---------- Material to process ----------
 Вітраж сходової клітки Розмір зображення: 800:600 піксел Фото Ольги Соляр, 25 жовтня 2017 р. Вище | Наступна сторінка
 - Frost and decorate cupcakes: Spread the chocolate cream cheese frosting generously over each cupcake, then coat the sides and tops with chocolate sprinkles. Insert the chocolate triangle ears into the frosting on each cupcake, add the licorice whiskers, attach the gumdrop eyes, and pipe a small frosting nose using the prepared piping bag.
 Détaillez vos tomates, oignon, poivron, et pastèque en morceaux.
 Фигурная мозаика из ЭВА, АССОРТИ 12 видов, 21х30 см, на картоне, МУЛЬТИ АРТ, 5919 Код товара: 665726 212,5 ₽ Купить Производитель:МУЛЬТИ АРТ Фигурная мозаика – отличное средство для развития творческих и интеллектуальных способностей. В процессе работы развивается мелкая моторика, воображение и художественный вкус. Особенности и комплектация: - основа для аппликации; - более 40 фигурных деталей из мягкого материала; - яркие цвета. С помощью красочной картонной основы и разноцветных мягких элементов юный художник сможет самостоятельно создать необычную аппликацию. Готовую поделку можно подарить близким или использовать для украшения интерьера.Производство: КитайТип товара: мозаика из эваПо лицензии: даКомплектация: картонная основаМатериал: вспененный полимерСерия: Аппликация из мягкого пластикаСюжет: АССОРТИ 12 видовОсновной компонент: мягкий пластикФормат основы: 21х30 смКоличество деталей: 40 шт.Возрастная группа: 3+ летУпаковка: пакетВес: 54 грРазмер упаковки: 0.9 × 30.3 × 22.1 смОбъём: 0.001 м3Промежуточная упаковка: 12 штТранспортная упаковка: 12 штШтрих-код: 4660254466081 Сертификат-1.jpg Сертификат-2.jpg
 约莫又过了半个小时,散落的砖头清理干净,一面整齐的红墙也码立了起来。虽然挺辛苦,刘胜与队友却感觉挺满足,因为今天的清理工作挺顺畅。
----------
---------- Material to process ----------
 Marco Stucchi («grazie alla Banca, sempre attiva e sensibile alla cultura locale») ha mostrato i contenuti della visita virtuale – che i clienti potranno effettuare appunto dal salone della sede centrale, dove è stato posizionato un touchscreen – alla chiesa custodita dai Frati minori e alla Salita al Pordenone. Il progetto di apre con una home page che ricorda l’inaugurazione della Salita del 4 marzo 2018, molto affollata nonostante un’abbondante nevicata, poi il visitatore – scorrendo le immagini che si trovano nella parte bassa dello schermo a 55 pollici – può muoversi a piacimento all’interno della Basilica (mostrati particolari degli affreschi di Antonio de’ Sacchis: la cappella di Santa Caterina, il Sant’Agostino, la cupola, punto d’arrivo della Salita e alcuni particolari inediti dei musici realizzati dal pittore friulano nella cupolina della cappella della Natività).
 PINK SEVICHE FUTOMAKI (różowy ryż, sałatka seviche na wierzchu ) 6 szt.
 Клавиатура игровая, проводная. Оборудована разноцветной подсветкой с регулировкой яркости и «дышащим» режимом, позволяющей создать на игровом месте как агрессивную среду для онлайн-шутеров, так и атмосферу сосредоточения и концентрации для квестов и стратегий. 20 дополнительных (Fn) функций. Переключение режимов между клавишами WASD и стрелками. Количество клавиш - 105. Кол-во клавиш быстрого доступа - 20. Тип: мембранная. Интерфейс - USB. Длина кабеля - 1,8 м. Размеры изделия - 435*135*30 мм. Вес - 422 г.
----------
§ **Required action**
Locate the word "создать" in the data above. Copy every line carrying it.

§ **The answer**
 Фигурная мозаика из ЭВА, АССОРТИ 12 видов, 21х30 см, на картоне, МУЛЬТИ АРТ, 5919 Код товара: 665726 212,5 ₽ Купить Производитель:МУЛЬТИ АРТ Фигурная мозаика – отличное средство для развития творческих и интеллектуальных способностей. В процессе работы развивается мелкая моторика, воображение и художественный вкус. Особенности и комплектация: - основа для аппликации; - более 40 фигурных деталей из мягкого материала; - яркие цвета. С помощью красочной картонной основы и разноцветных мягких элементов юный художник сможет самостоятельно создать необычную аппликацию. Готовую поделку можно подарить близким или использовать для украшения интерьера.Производство: КитайТип товара: мозаика из эваПо лицензии: даКомплектация: картонная основаМатериал: вспененный полимерСерия: Аппликация из мягкого пластикаСюжет: АССОРТИ 12 видовОсновной компонент: мягкий пластикФормат основы: 21х30 смКоличество деталей: 40 шт.Возрастная группа: 3+ летУпаковка: пакетВес: 54 грРазмер упаковки: 0.9 × 30.3 × 22.1 смОбъём: 0.001 м3Промежуточная упаковка: 12 штТранспортная упаковка: 12 штШтрих-код: 4660254466081 Сертификат-1.jpg Сертификат-2.jpg
 Клавиатура игровая, проводная. Оборудована разноцветной подсветкой с регулировкой яркости и «дышащим» режимом, позволяющей создать на игровом месте как агрессивную среду для онлайн-шутеров, так и атмосферу сосредоточения и концентрации для квестов и стратегий. 20 дополнительных (Fn) функций. Переключение режимов между клавишами WASD и стрелками. Количество клавиш - 105. Кол-во клавиш быстрого доступа - 20. Тип: мембранная. Интерфейс - USB. Длина кабеля - 1,8 м. Размеры изделия - 435*135*30 мм. Вес - 422 г.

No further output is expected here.